Глава 3

-- Откуда ты знаешь, что ингурейских вулканов было пять? -- прошепелявил Махол, не вынимая изо рта кисточки, но понял, что допустил бестактность. Если что-то и могло загнать Бароля в тупик, то прежде всего -- этот вечный беспардонный вопрос, с детства набивший оскомину. "Откуда ты знаешь, -- спросил как-то раз Саим, -- что планета круглая? Ты не должен верить легендам. Ты должен иметь трезвый, рациональный подход к вещам". Откуда ты знаешь, что вулканы взорвались в Ингурее? С чего ты взял, что их было пять? Тебе приснилось? Ты видел сам или расспрашивал свидетелей, умерших тысячи лет назад? Эти недоразумения преследовали Бароля с тех пор, как он впервые взял в руку перо и почуял запах папируса, -- в тот момент ему показалось, что жизнь началась именно здесь и сейчас, а закончится так нескоро, что можно не торопиться и каждую букву выводить с величайшим старанием и разумением. На свете было много такого, чего он не знал, догадывался, но если в чем-то был уверен -- значит, был уверен всецело, абсолютно, несмотря на сомнения окружающих, и чаще всего оказывался прав. Будто его уверенность влияла на реальный мир больше, чем естественный ход событий.
Староприканским старожилам, натерпевшимся от войн и эпидемий, было известно много реальных событий истории. От основания в Анголее Папалонского университета до той поры, когда анголейская раса была стерта с лица планеты. Пять вулканов проснулись в одночасье... или их было двадцать пять... -- Ингурея была высочайшей точкой мира. Но стихия, сравнявшая с горизонтом горный массив, лишила оставшихся в живых ингурейцев не только исконной, веками намоленной прики, но и первых зачатков разума. Они обвинили во всем папалонских мудрецов, которые, то ли в силу своих претензий на вселенское господство, то ли вследствие неумелого обращения с оружием богов, якобы унаследованным ими, то ли еще непонятно из каких соображений, -- собственнолично подорвали вулканы. Обезумев от ярости, ингурейцы сплотились в войско, вооружились чем попало и, одержимые местью, двинулись на Анголею отстаивать честь своего посрамленного божества.
Истории было многое известно о том, что ученые-анголейцы, проникшие в тайны мироздания глубже, чем сами творцы, так и не сумели противостоять дикому племени головорезов. А ингурейцы, разнеся в пыль университет, впервые увидели чернила и папирус. Когда бойня докатилась до Фарианских земель, вояки не церемонились и резали всех без разбора. Единственное, что могло отсрочить смерть жертвы, -- это ее умение писать. Ингурейцы отличались чрезмерной набожностью и церемонию расправы над писарем начинали с отрубания рук. Дети воинов не знали иных игрушек, чем кости и черепа, -- но руки, владевшие таинством письма, на жертвеннике были неприкосновенны. Ингурейский покровитель никогда не пользовался авторитетом в пантеоне, и уж если богомолы возносили молитвы всем богам -- Ингура упоминали последним. Лишь после многолетних погромов, когда в чудом уцелевших приках молиться стало некому, кровожадное божество переместилось во главу списка.

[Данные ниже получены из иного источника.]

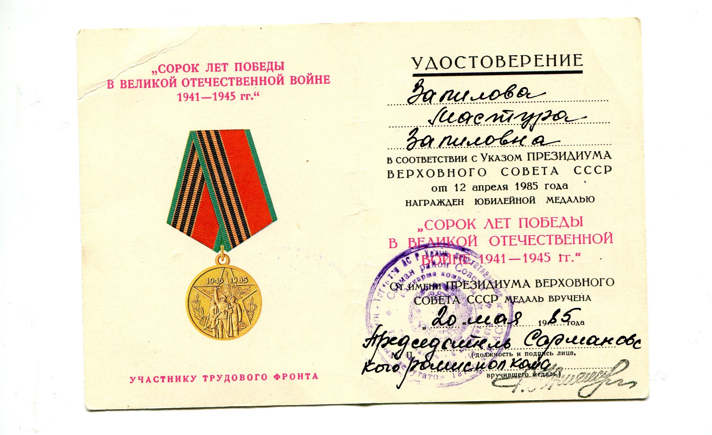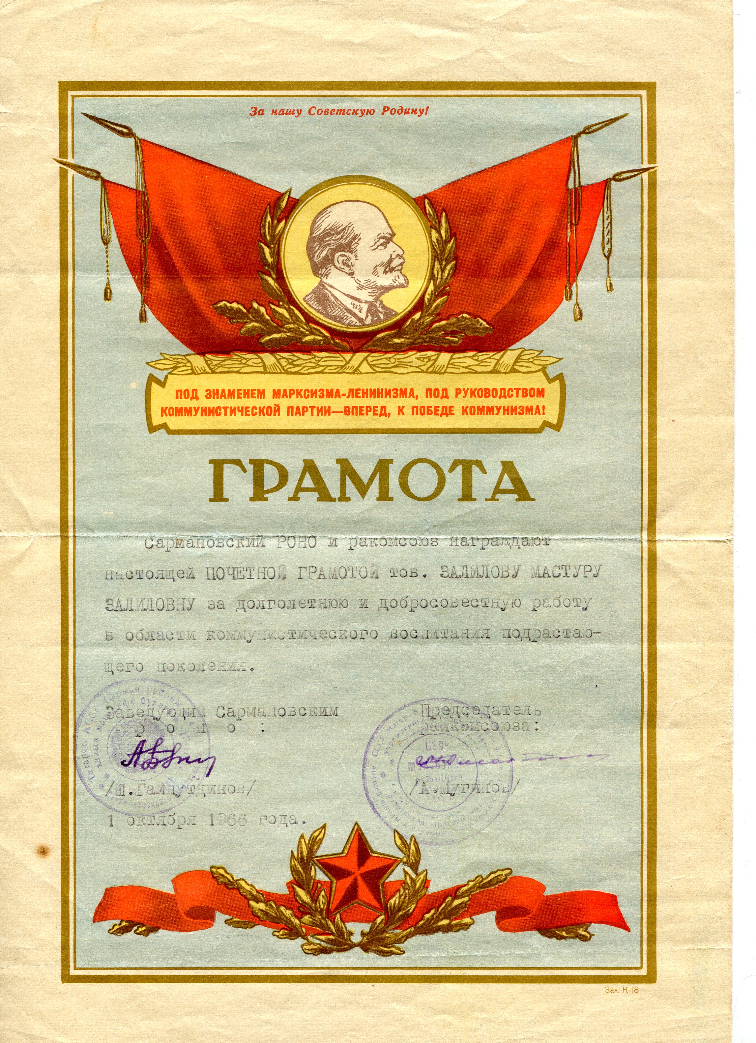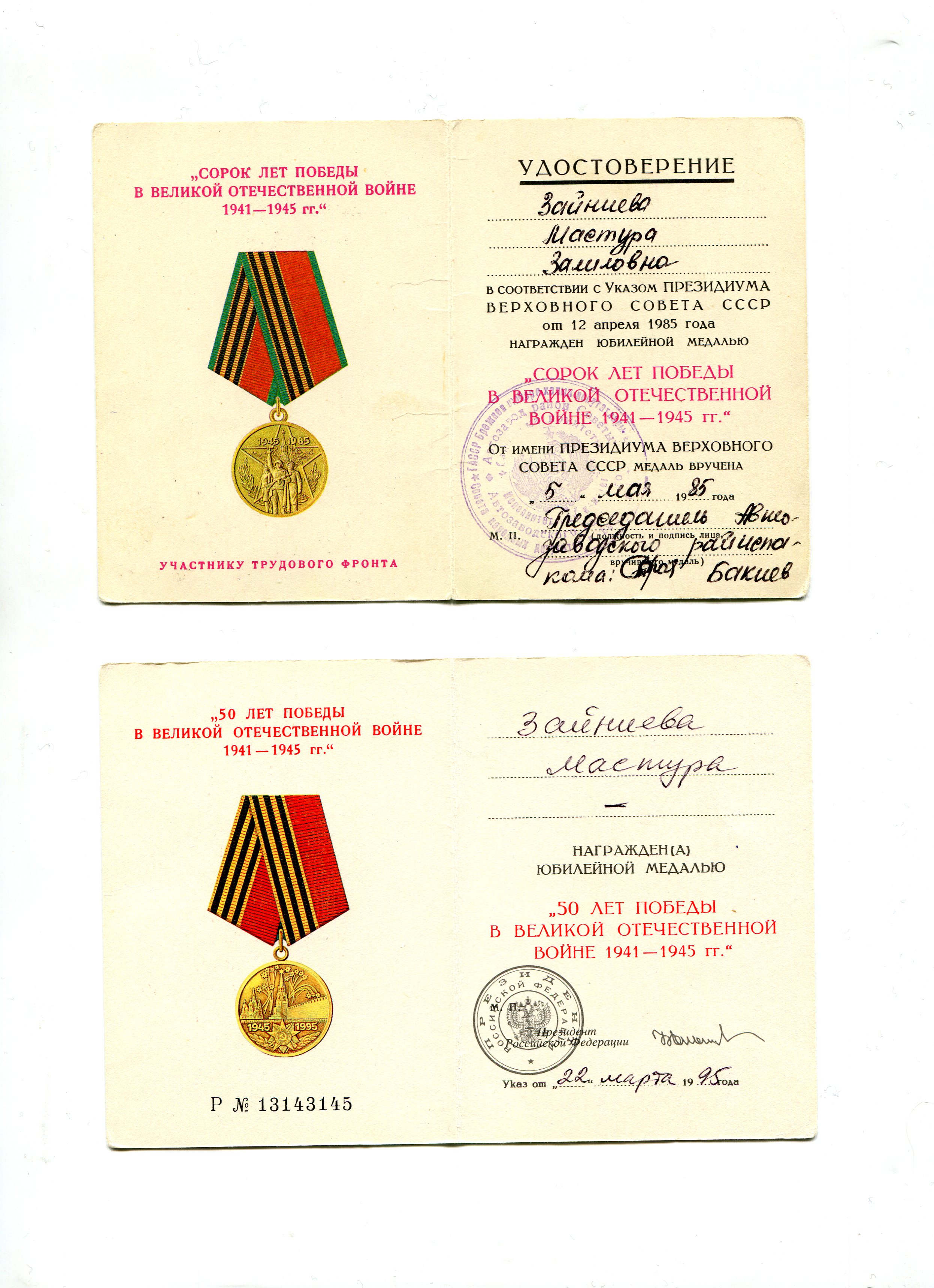 Зәйниева (Җәлилова) Мәстүрә Җәлил кызы СССР Югары Советы Президиумы указы нигезендә 1945 елның 6 июнендә “За доблестный труд в Великой Отечественной войне 1941-1945 гг.” медале белән бүләкләнә. Медальның сериясе, номеры: Э№082108. Бөек җиңүнең 40, 50, 55, 60 еллык юбилей медальләре һәм Сарман районының “Почетная грамота”сы белән бүләкләнгән. Хезмәт юлының беренче көненнән башлап Сарман районы мәгариф бүлеге системасында эшләп, Сарман районы халкына һәм илебезгә игелекле хезмәт кылып 1972 елда лаеклы ялга (пенсиягә) чыкты. 2005 елны 18 сентябрендә вафат булды һәм Яр Чаллы шәһәрендә җирләнде. Материалны гаилә архивындагы оригинал документлар нигезендә улы Рафаэль Зәйниев Г. әзерләде.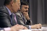 Председатель правительства России Владимир Путин (слева) и заместитель министра экономического развития России Андрей Клепач (справа) во время совещания с руководством космической отрасли России. Совещание прошло в здании ОАО "Ракетно-космическая корпорация "Энергия" имени С.П.Королева".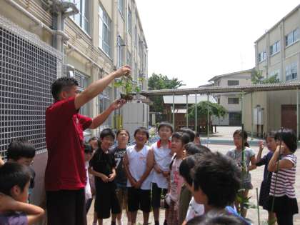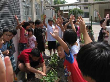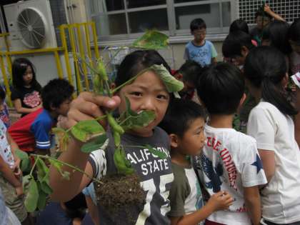 2年生が中庭で育てている野菜が少しずつ実ってきているようです。毎日,一生懸命に水やりをしているからだね。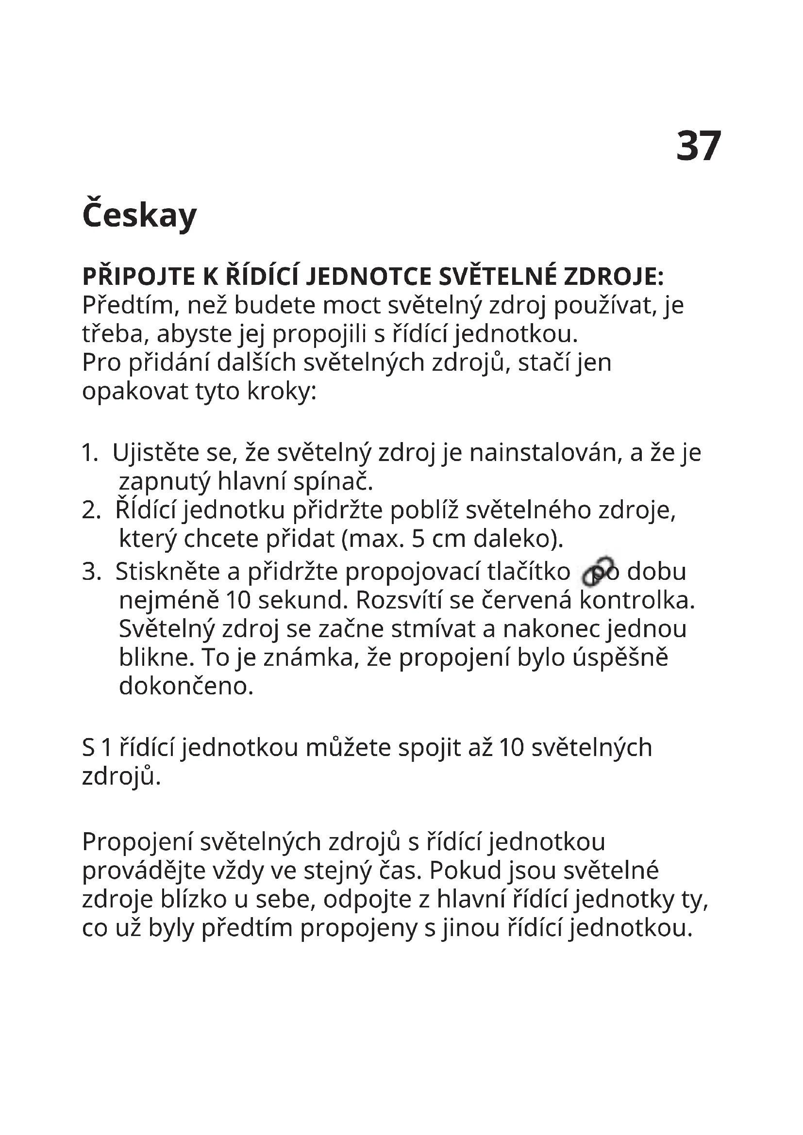 nejméně 10 sekund. Rozsvítí se červená kontrolka. Světelný zdroj se začne stmívat a nakonec jednou blikne. To je známka, že propojení bylo úspěšně dokončeno. S 1 řídící jednotkou můžete spojit až 10 světelných zdrojů. Propojení světelných zdrojů s řídící jednotkou provádějte vždy ve stejný čas. Pokud jsou světelné zdroje blízko u sebe, odpojte z hlavní řídící jednotky ty, co už byly předtím propojeny s jinou řídící jednotkou.38 UPOZORNĚNÍ: NEPOUŽÍVEJTE KLASICKÉ STMÍVAČE. Používejte pouze originální ovladače, nebo takové, které jsou zmíněny v těchto pokynech. Pokud tuto žárovku propojíte s běžným stmívačem, nebude fungovat tak, jak má. Pouze pro použití s výrobky ze série Chytré osvětlení IKEA. Díky dálkovému ovládání budete moct vybírat z 9 barev: Bílétóny Chladná bílá – 4000 Kelvinů Teplá bílá – 2700 Kelvinů Teplá záře – 2200 Kelvinů Světlo svíčky – 1780 Kelvinů Barvy Jantarová, Tmavě broskvová, Sytě růžová, Světle alová, Světle modrá Pokud přidáte bránu a aplikaci, získáte celkem 20 barev: Bílétóny Chladná obloha – 6000 Kelvinů39 Chladné denní světlo – 5000 Kelvinů Chladná bílá – 4000 Kelvinů Svítání – 3000 Kelvinů Teple bílá – 2700 Kelvinů Teplá záře – 2200 Kelvinů Světlo svíčky – 1780 Kelvinů Barvy Jantarová, Broskvová, Tmavě broskvová, Sytě červená, Růžová, Světle růžová, Sytě růžová, Světle alová, Sytě alová, Modrá, Světle modrá, Limetková, Žlutá RESETOVÁNÍ Zapněte a vypněte hlavní spínač 6krát za sebou. TECHNICKÁ DATA: Operačnífrekvence:2405–2480 MHz. Výstupní výkon: 10 dBm. Výrobce: IKEA of Sweden AB Adresa: Box 702, SE-343 81 Älmhult, SWEDEN40 Symbol přeškrtnutého kontejneru označuje, že tento výrobek musí být likvidován odděleně od běžného domácího odpadu. Výrobek by měl být odevzdán k recyklaci v souladu s místními předpisy pro nakládání s odpadem. Oddělením označeného výrobku z komunálního odpadu, pomůžete snížit objem odpadů posílaných do spaloven nebo na skládku a minimalizovat případný negativní dopad na lidské zdraví a životní prostředí. Pro více informací, prosím, kontaktujte obchodní dům IKEA. Español AÑADIR LUCES AL DISPOSITIVO DE CONTROL: Antes de usar la luz, deberás sincronizarla con un dispositivo de control. Para añadir más luces, repite los siguientes pasos: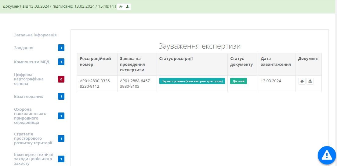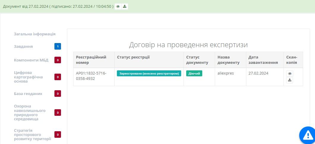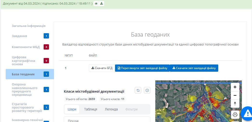Після проведення валідації користувача автоматично буде переміщено в картку проекта МБД, де він зможе переглянути результати валідації бази геоданих.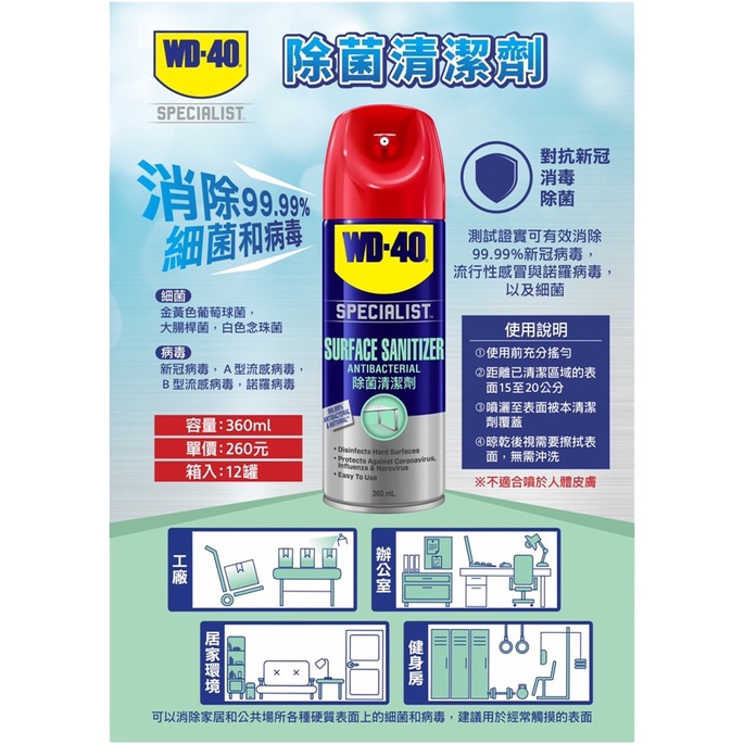 WD40 除菌清潔劑 360ml 原裝進口 清潔 健身房 辦公室 預防 新冠病毒 冠狀病毒 流感 諾如病毒 哈家人WD40 除菌清潔劑 360ml 原裝進口 清潔 健身房 辦公室 預防 新冠病毒 冠狀病毒 流感 諾如病毒 哈家人Cleaning Agents【 哈家人 】油Shop

"Все боги предали нас! -- выли богомолы. -- Ты один не оставил своих тварей. Ты один дал им силы выжить и защититься. Так прими же и нас, отверженных..." Ни для кого не осталось тайной, что конец сему вселенскому кошмару был положен дедом Бароля -- Андролем Великим, который не сразу получил громкий титул, а, будучи юношей, скитался с матерью по зарослям Косогорья, стараясь не попадаться на глаза ни врагам, ни доброжелателям. Единственное, о чем история умалчивает, -- каким образом юноше в одиночку удалось увести в подземелья ингурейские полчища, да так, что они раз и навсегда позабыли дорогу назад.

-- ...Хочешь датировать нашу эру от взрыва вулканов? -- уточнил Махол и согнулся над разворотом папируса.
-- Ты когда-нибудь спускался на дно Косогорских пещер? -- спросил Бароль, усаживаясь напротив.
-- В преисподнюю? -- воскликнул Махол. -- Боги меня сбереги!
-- А слышал, чтобы кто-нибудь выбрался оттуда живым?
-- Кроме Андроля Великого, хвала богам, ни души оттуда не возвращалось.
-- Вот-вот, -- начал сердиться Бароль, -- объясни мне, будь любезен, при чем здесь боги?
Очередная допущенная бестактность заставила писаря задуматься и сосредоточиться на пережевывании стебля кисточки, который одновременно служил ему зубочисткой для нескольких уцелевших зубов.
-- Ты это брось, дед! -- Бароль, со злостью отпихнув скамейку, стал расхаживать по писарне.
-- Скажи, как было, -- предложил Махол. -- Что скажешь, то и запишу, -- но видя раздраженного Бароля, снова умолк.
-- Не скажу! С какой стати я должен плодить легенды? -- он вышел на веранду, но тут же вернулся. -- Скажи-ка, дед, если в долине и впрямь видели тамаципов, может, в Анголее осталось логово алхимиков?
-- Черный верблюд? -- уточнил Махол. -- С человеческой головой? Это говорит лишь о том, что где-то бродит анголеец с головой верблюда. Почему бы не в Анголее? Если есть тамацип -- должен быть ципотам; если здесь голова -- значит, хвост будет там...
Бароль опустил дверной полог и подсел к старику.
-- Зачем они делают это?
-- Тамаципов? Затем, что верблюды бегают быстрее людей. Птицы летают выше, чем их воздушные корабли...
-- Как же чувствует себя анголеец с головой птицы?
-- Об этом у птицы спроси, -- ответил Махол, -- ципотамов они прежде держали в клетках. Теперь, если встретишь такое, -- лучше обойди. Они злые. Могут клюнуть. Могут укусить. А если увидят женщину -- не церемонятся.
-- Как это делается, дед?
Писарь выплюнул кисточку и посмотрел в ясные глаза Бароля.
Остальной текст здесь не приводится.